Summers also points to the addiction-fueled crisis in the state’s foster care system as one of her major issues.
“West Virginia is the number one state for having kids removed from the home. We have to help these kids. It’s sad, it really is,” Summers said, noting she’s pulling together a foster care forum likely to be held in November.
Abel said he too has concerns about state spending, particularly when a long-term answers for how to fund the state’s public employee insurance agency (PEIA) have yet to be nailed down.
“That’s something we need to address and look at long-term instead of taking a little bit from here and there,” Abel said. “My idea on that is a surcharge on the Marcellus Shale gas industry … I need to get more information on that, but I think that’s something I would be in favor of.”
He went to say that he also has issues with how Taylor County is represented in the list of state road projects resulting from the sale of road bonds.
“Taylor County passed that bond issue by quite a large margin, and so for Taylor County not to get much of that money back, I feel that’s unfair to the people of Taylor County,” Abel said.  “There’s not much new construction down there and I hear people talking about the roads not being ditched or cleaned, brush hanging over the roads. I think that’s an issue.”
Abel noted that Taylor County is an example of a part of West Virginia where good-paying jobs are disappearing.
“We need more jobs. Better jobs. It’s difficult for a person making minimum wage to exist, take care of your children and pay rent or finance a home,” Abel said. “We need to do more to bring good jobs into West Virginia and Taylor County, for one.”
Perhaps no single issue has impacted West Virginia to the level of the ongoing epidemic of opioid addiction.
“It’s definitely a problem here in West Virginia. You look at some of the statistics where in some places in West Virginia they wrote more prescriptions than there are people in town,” Abel said. “I think there’s a misuse by doctors writing prescriptions for people. Plus I think it’s an income for some people … People are selling these drugs for income and that needs to be tightened up and policed much better.”
Abel went on to say that whether it’s opiates or methamphetamines, “I think we need to do a lot more as a state to confront the drug problem than we have right now.”
Summers, the vice chair of the Health and Human Resources Committee, explained that the last legislature passed nearly three dozen bills dealing with the opiate crisis.
As a part of that legislative push, she noted treatment centers have been removed from the certificate of need process without gutting regulatory oversight in an attempt to expedite their placement.
Along with increasing access to overdose reversal drug Narcan and eliminating the requirement for prior authorization for those seeking treatment, Summers said the legislature also put limits on pill counts when it comes to opiates.

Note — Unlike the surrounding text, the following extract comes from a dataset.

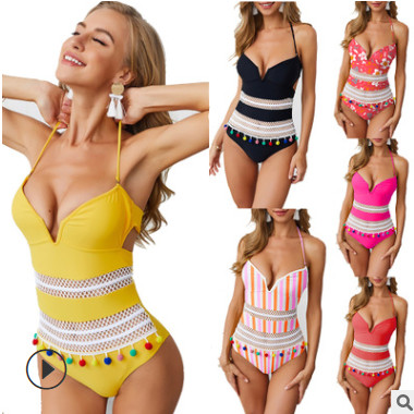 泳衣歐美性感純色露背掛脖泳裝 新款綁帶露背深V連體泳衣女

“They were over-prescribing, and still over-prescribing, even with this huge crisis in front of them,” Summers said, explaining the new law only applies to patients presenting with new, acute pain and not chronic sufferers.
“If you come to the ER where I work with a sprained ankle, you’re not going to get more than a four-day supply of an opioid. It has been cut off and that’s what it’s going to be,” she said.
The 49th District is comprised of a large portion of Taylor County and one precinct in both Marion and Monongalia counties.